И все обернулись к нему.
— Значит, собрались мы сейчас на сход, староста с нами, так и так, пишите приговор. Мы, ямищане, постановили, что никто из нас не будет работать у пана по старой цене. Теперь пеший работник — рубль, а конный — два. Рабочий день должен быть короче на четверть.
— Ого!
— Тише! Пусть говорит...
— Жать за шестой, а не десятый сноп, молотить за восьмую, а не тринадцатую мерку...
Вот это хорошо! Головы по углам закивали, а длиннорукий Мажуга в знак полного согласия складывался и раскладывался, словно ножик.
— А если пан не согласится?
Старая Кандзюбиха протиснулась сквозь толпу и осторожно убавила свет лампы.
И правда, что будет, если пан не согласится? Человек из Ямища помолчал минутку, посмотрел вокруг и отрубил:
— А не согласится — забастовка.
Мария всплеснула в ладони.
— За-ба-стов-ка! Господи милосердный!
Панас Кандзюба качнулся вперёд, словно верба от ветра.
— Забастовка? Как именно?
А вот так. Пан зовёт косить — хорошо, карбованец в день. Не хочешь — коси сам. Никто на работу не выйдет. Настали жнива — плати нашу цену; не согласен — сам обувай постолы да с серпом в поле.
— Ха-ха! Вот ловко!
Смех раскатился по избе, от угла к углу. Целые ряды колыхались от него. Смех косил людей, будто клал их в покосы. Пан в постолах! Ха-ха!
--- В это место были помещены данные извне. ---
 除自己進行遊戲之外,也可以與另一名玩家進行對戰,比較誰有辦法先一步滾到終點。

Півтора Лиха даже вспотел от этого воображения: его лысина, влажная от пота, ловила и переливала блеск лампы. Пан в постолах!..
Перед глазами у Панаса неотступно стоял забавный образ гладкого пана в постолах, одинокого в поле, неумелого и беспомощного. И это была не лёгкая весёлость, а давняя крестьянская ненависть, что нашла своё слово.
Обуть пана в постолы!
В этом слове была целая картина, широкий замысел, человеческая и небесная справедливость.
Обуть пана в постолы!..
Но как это сделать?
Да, как это сделать? Пан не глуп. Свои не захотят — чужих позовёт. Панское всегда сверху.
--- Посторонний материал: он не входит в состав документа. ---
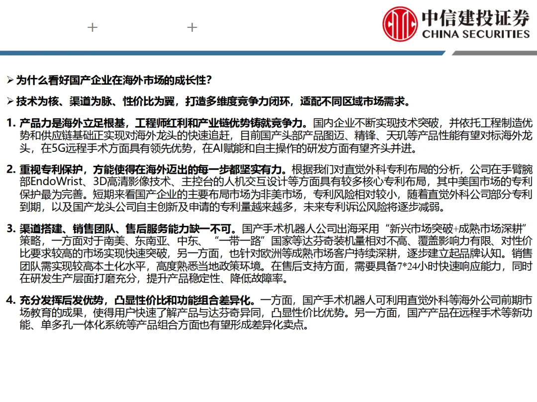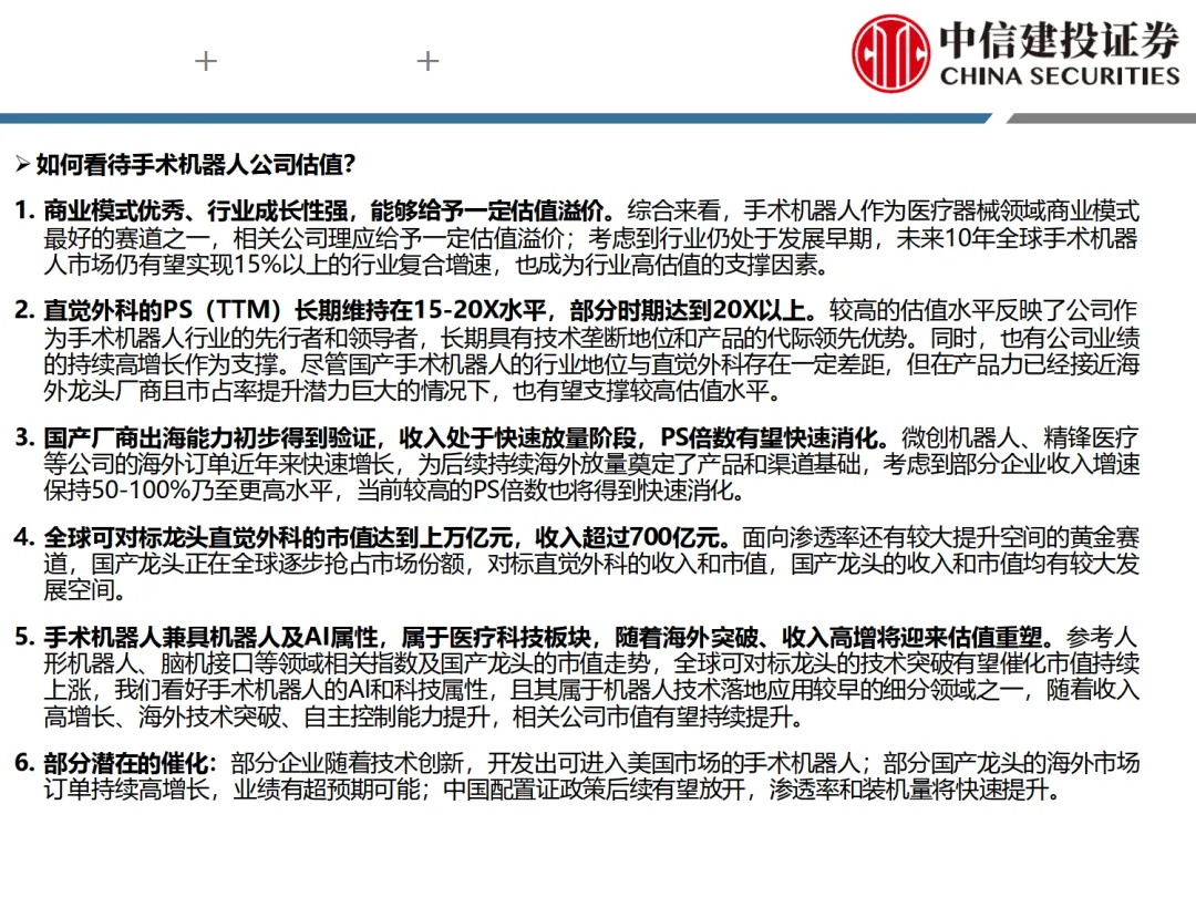 手术机器人是医疗器械领域最好的商业模式之一,设备装机后将带动耗材持续放量,形成稳定的收入和现金流。全球可对标龙头直觉外科已超过10000亿元市值,且渗透率及市场规模仍有较大增长空间。海外龙头 凭借先发优势占据市场主导地位,国产龙头加速推进产品迭代,性能已接近全球领先水平,在远程手术方面有所 领先,出海业务已占大部分收入比例且持续高增长,收入和市值均有数倍增长空间。我们认为,AI有望赋能手术 机器人实现自主操作,进一步辅助或替代医生的部分手术操作流程,利好行业渗透率和相关公司估值提升。

При одной мысли, что чужие могут встать на пути, пойти против громады, глаза загорелись.
Все заговорили разом.
Мажуга поднял руку вверх, будто голоблю.
— Чужих не пускать! Разогнать! Кольями!
Го-го! Такой не пропустит.
Мария всплеснула в ладони.
— Конечно. Если не послушают — бить.
Ведь дальше некуда, всё равно пропадать. — Хоть в яму, хуже не будет. — Народ голоден, а никто не позаботится, есть никто не даст. — А не даст — хочешь есть, пей воду... — Съел полбеды, так запей водой... — Один в роскоши, другой в нищете... Большая беда — роскошь. — Обуть пана в постолы...
Однако постепенно воображение Панаса вяло, словно червь точил его. Где уж там? Разве легко тягаться с паном.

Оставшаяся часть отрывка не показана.